AI Mastery 201: Elevating Your Workflow with Advanced LLM Techniques
AI Mastery 201: Elevating Your Workflow with Advanced LLM TechniquesAI Mastery 201: Elevating Your Workflow with Advanced LLM Techniques
AI Mastery 201: Elevating Your Workflow with Advanced LLM Techniques
VictorSzoltysek
 
%+27788225528 love spells in Boston Psychic Readings, Attraction spells,Bring...

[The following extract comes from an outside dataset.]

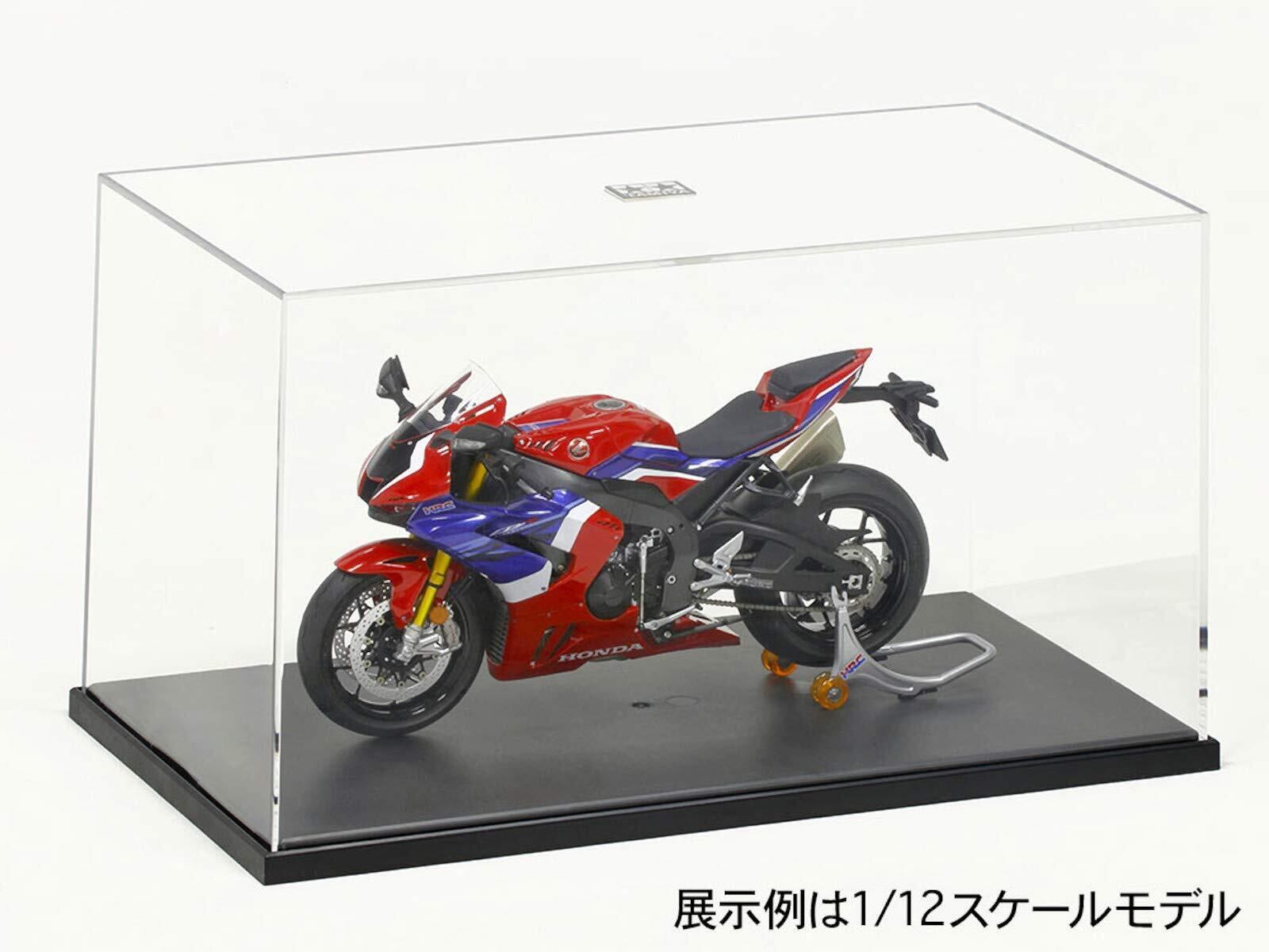 1/12スケールのオートバイモデルやワンボックスなど背の高い自動車モデルがピッタリ入る、幅240mm奥行き130mm高さ140mmサイズ。ケースは高い透明性を持たせたスチロール樹脂製、ブラック仕上げの台座はディスプレイケースCと同じサイズで積み重ねやすい形状。

%+27788225528 love spells in Boston Psychic Readings, Attraction spells,Bring...%+27788225528 love spells in Boston Psychic Readings, Attraction spells,Bring...
%+27788225528 love spells in Boston Psychic Readings, Attraction spells,Bring...
masabamasaba
 
CHEAP Call Girls in Pushp Vihar (-DELHI )🔝 9953056974🔝(=)/CALL GIRLS SERVICE
CHEAP Call Girls in Pushp Vihar (-DELHI )🔝 9953056974🔝(=)/CALL GIRLS SERVICECHEAP Call Girls in Pushp Vihar (-DELHI )🔝 9953056974🔝(=)/CALL GIRLS SERVICE
CHEAP Call Girls in Pushp Vihar (-DELHI )🔝 9953056974🔝(=)/CALL GIRLS SERVICE
9953056974 Low Rate Call Girls In Saket, Delhi NCR
 
%+27788225528 love spells in Colorado Springs Psychic Readings, Attraction sp...
%+27788225528 love spells in Colorado Springs Psychic Readings, Attraction sp...%+27788225528 love spells in Colorado Springs Psychic Readings, Attraction sp...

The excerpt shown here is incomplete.